** Goal of the exercise **
Set down the data below exactly; pictures stay out.

** Dataset section **
════

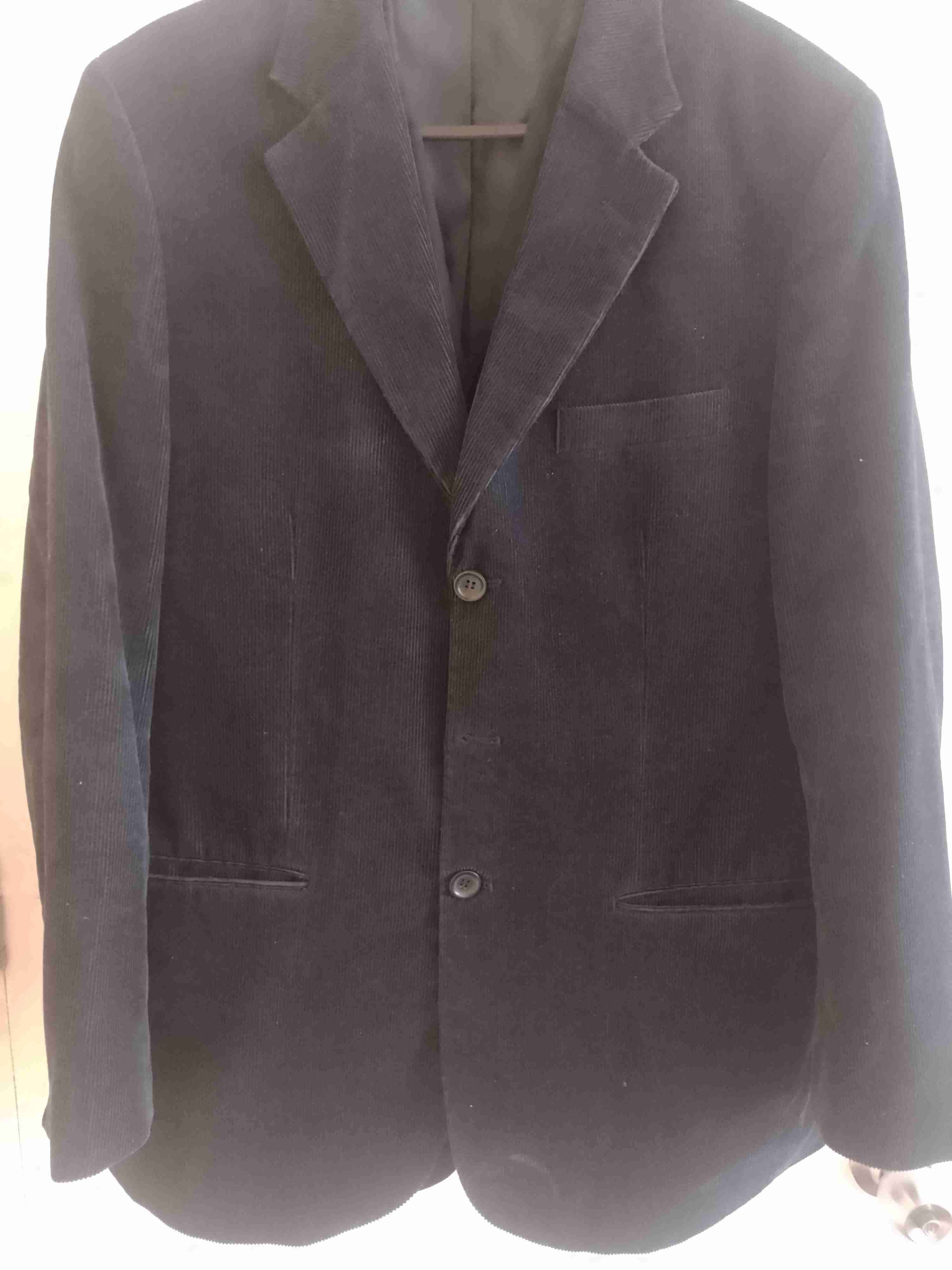 Elegante blazer de pana negro, ideal para ocasiones formales. En buen estado, con leves signos de uso.
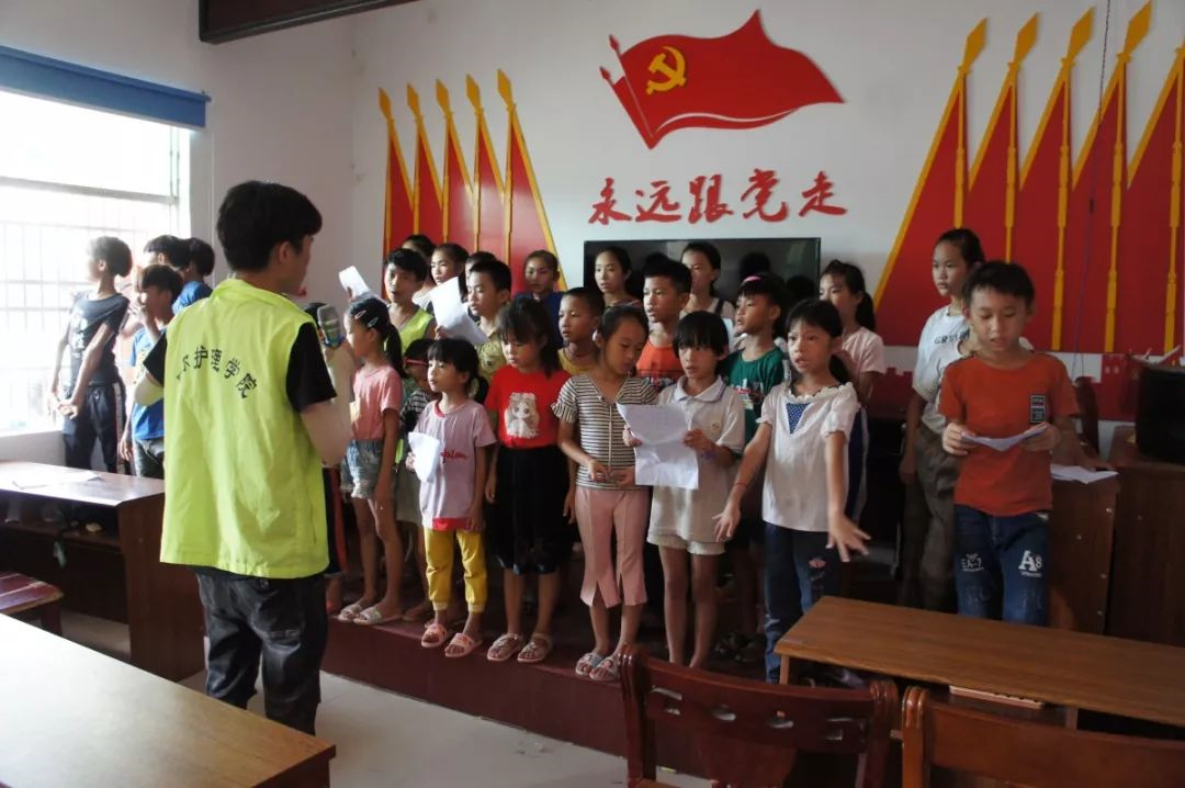 下午文化扶贫小队组建合唱团用一首首健康向上,优美动听的歌曲,激发孩子们的爱国主义精神和高尚的道德情操。
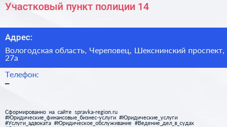 Участковый пункт полиции №14 по адресу Вологодская область, Череповец, Шекснинский проспект, 27а в дальнейшем Организация, размещена в следующих категориях:
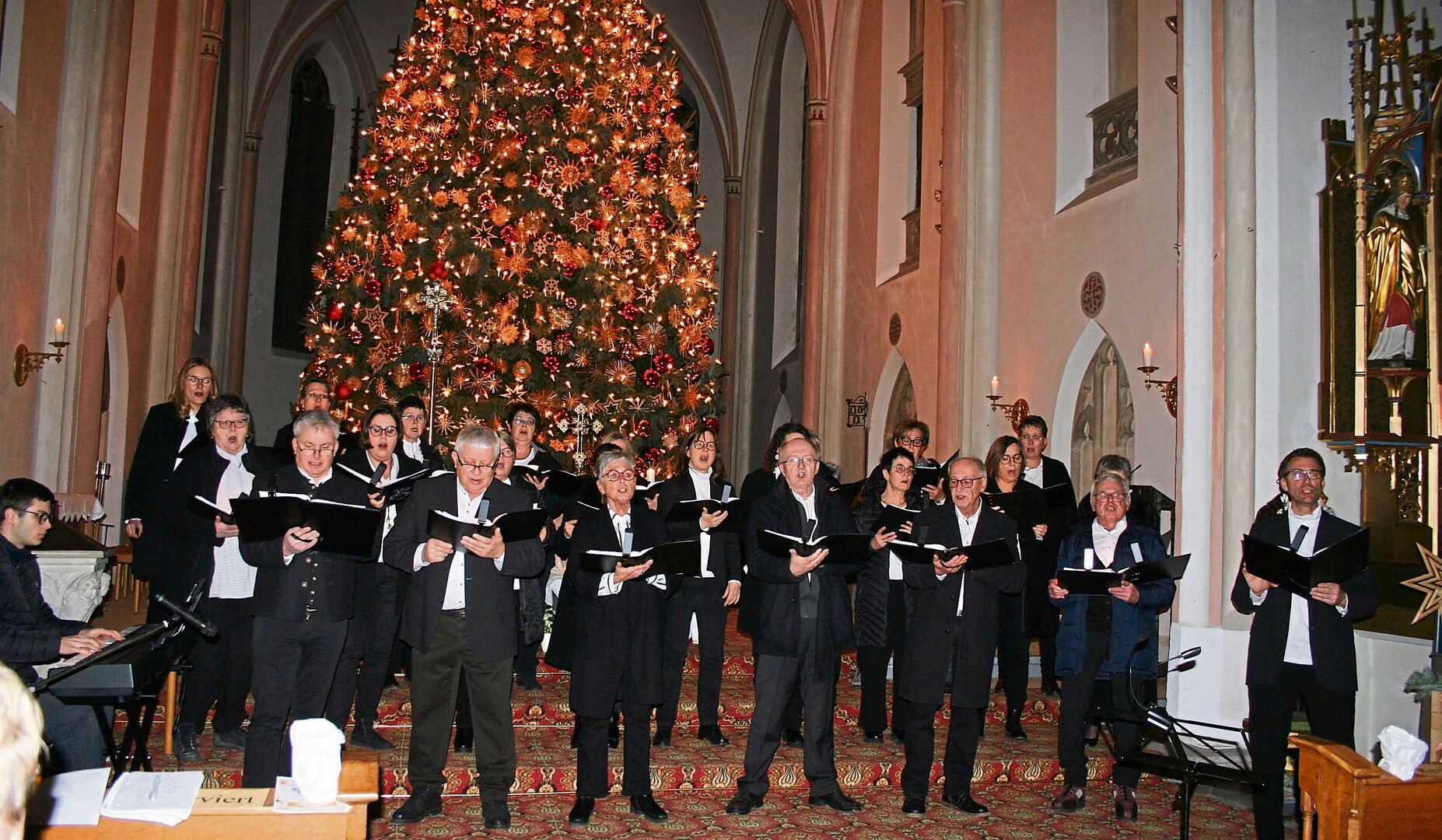 Die Gesamtleitung hatte Thomas Eiserle. Nach dem Lied „Es ist ein Ros entsprungen“, gesungen vom Kirchenchor, begrüßte er die Zuhörer. Er bedankte sich für den überaus zahlreichen Besuch. Der Eintritt war frei. Eiserle zeigte auf eine im Kirchenschiff liegende alte Türe, die auf den Untergang der „Titanic“ hinweisen sollte, wo sich im Film dazu Jack und Rose nach dem Untergang des Schiffs klammerten. Die Requisite deshalb, weil auch im Programm das bekannte Lied stand. Eiserle informierte kurz über den Ablauf und den Programminhalt. Leider fiel Sopranistin Isabell Pany krankheitsbedingt aus. Kurzfristig wurde das Programm geändert mit einem Auftritt von Anna Andreeva (Geige). Es folgte das Kyrie eleison und „Christmas Laudamus“ (Kirchenchor). Weitere Titel präsentierte der Kirchenchor „Ding dong merrily on high“, „My heart will go on“ und „Dir gehört mein Herz“. Neben weiteren Interpretationen folgte das „Ave Maria“, gespielt von Tabea Weich (Tuba) und Thomas Eiserle (Orgel). „Agnus Dei – How great thou art“ sang der Kirchenchor und auch „All on silent night“, begleitet von Tabea Weich am Cello. Stimmengewalt zeigte der Chor mit dem bekannten Lied „Transeamus usque Bethlehem. Es folgte ein Christmas medley von Marion Hellerer (Trompete) und Thomas Eiserle (Orgel).

════

** Task answer **
 Elegante blazer de pana negro, ideal para ocasiones formales. En buen estado, con leves signos de uso.
 下午文化扶贫小队组建合唱团用一首首健康向上,优美动听的歌曲,激发孩子们的爱国主义精神和高尚的道德情操。
 Участковый пункт полиции №14 по адресу Вологодская область, Череповец, Шекснинский проспект, 27а в дальнейшем Организация, размещена в следующих категориях:
 Die Gesamtleitung hatte Thomas Eiserle. Nach dem Lied „Es ist ein Ros entsprungen“, gesungen vom Kirchenchor, begrüßte er die Zuhörer. Er bedankte sich für den überaus zahlreichen Besuch. Der Eintritt war frei. Eiserle zeigte auf eine im Kirchenschiff liegende alte Türe, die auf den Untergang der „Titanic“ hinweisen sollte, wo sich im Film dazu Jack und Rose nach dem Untergang des Schiffs klammerten. Die Requisite deshalb, weil auch im Programm das bekannte Lied stand. Eiserle informierte kurz über den Ablauf und den Programminhalt. Leider fiel Sopranistin Isabell Pany krankheitsbedingt aus. Kurzfristig wurde das Programm geändert mit einem Auftritt von Anna Andreeva (Geige). Es folgte das Kyrie eleison und „Christmas Laudamus“ (Kirchenchor). Weitere Titel präsentierte der Kirchenchor „Ding dong merrily on high“, „My heart will go on“ und „Dir gehört mein Herz“. Neben weiteren Interpretationen folgte das „Ave Maria“, gespielt von Tabea Weich (Tuba) und Thomas Eiserle (Orgel). „Agnus Dei – How great thou art“ sang der Kirchenchor und auch „All on silent night“, begleitet von Tabea Weich am Cello. Stimmengewalt zeigte der Chor mit dem bekannten Lied „Transeamus usque Bethlehem. Es folgte ein Christmas medley von Marion Hellerer (Trompete) und Thomas Eiserle (Orgel).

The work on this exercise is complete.